§ **Problem statement**
Return each record word for word and omit the pictures.

§ **Input for this task**
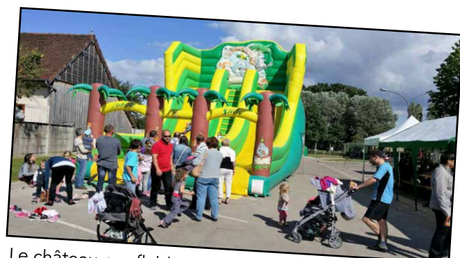
Le château gonflable très apprécié des enfants
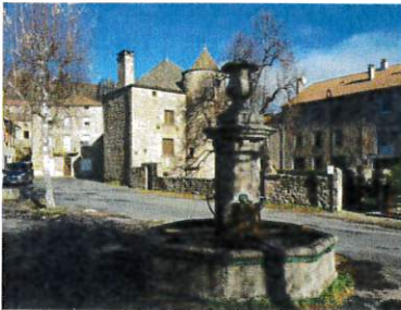
Manoir et fontaine à Chambon
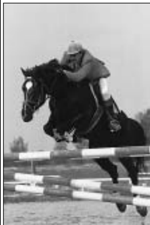
2629 JERSEY ORLING (Equador - po Rigoletto)

Hřelec importovaný z Holandska. Nar. 91, zúčastňuje se soutěží na úrovni -S-. Šampion 4-letých.
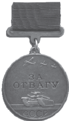
Рис. 3. Медаль «За отвагу»
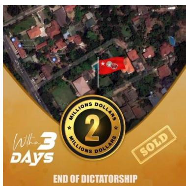
Min Aung Hlaing's Inya Lake Residence.
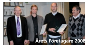
Årets Företagare 2008

Efter årsmötesförhandlingarna presenteras Årets Företagare i Partille 2009 och Ung företagsamhet vid Porthällagymnasiet premieras. Kallelse sändes till Företagarnas medlemmar i februari.
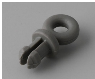
A9100002 Ring eyelet PA 6 volcano
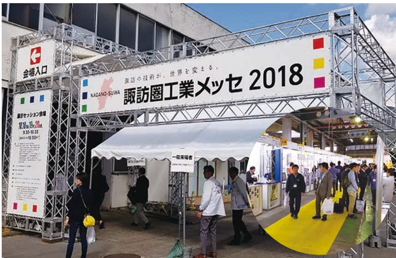
地方開催の工業展示会として国内最大級となった工業メッセ
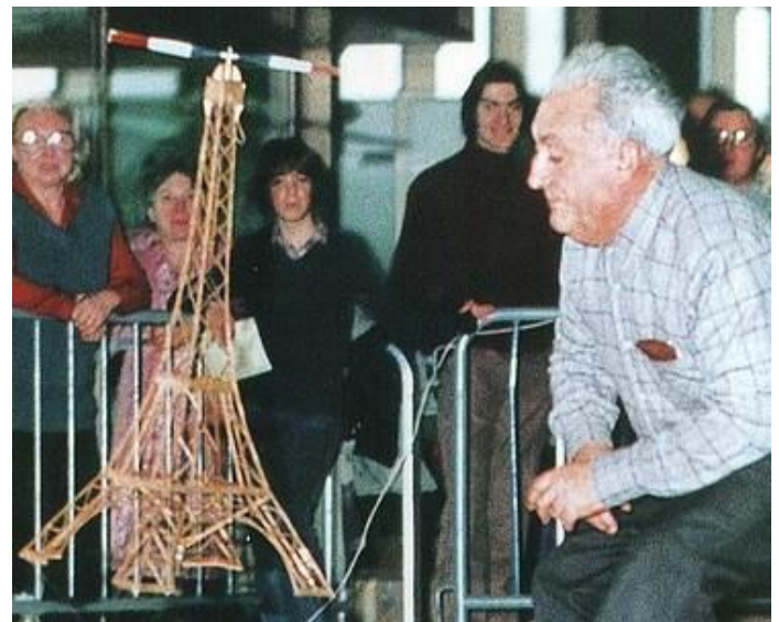
A l'heureuse époque des "Fous Volants", la tour Eiffel volante faisait les délices d'un nombreux public, car c'était dans le hall de l'aérogare d'Orly en 1988.

J'ai rencontré Claude pour la première fois sous

§ **Written solution**
Le château gonflable très apprécié des enfants
Manoir et fontaine à Chambon
2629 JERSEY ORLING (Equador - po Rigoletto)

Hřelec importovaný z Holandska. Nar. 91, zúčastňuje se soutěží na úrovni -S-. Šampion 4-letých.
Рис. 3. Медаль «За отвагу»
Min Aung Hlaing's Inya Lake Residence.
Årets Företagare 2008

Efter årsmötesförhandlingarna presenteras Årets Företagare i Partille 2009 och Ung företagsamhet vid Porthällagymnasiet premieras. Kallelse sändes till Företagarnas medlemmar i februari.
A9100002 Ring eyelet PA 6 volcano
地方開催の工業展示会として国内最大級となった工業メッセ
A l'heureuse époque des "Fous Volants", la tour Eiffel volante faisait les délices d'un nombreux public, car c'était dans le hall de l'aérogare d'Orly en 1988.

J'ai rencontré Claude pour la première fois sous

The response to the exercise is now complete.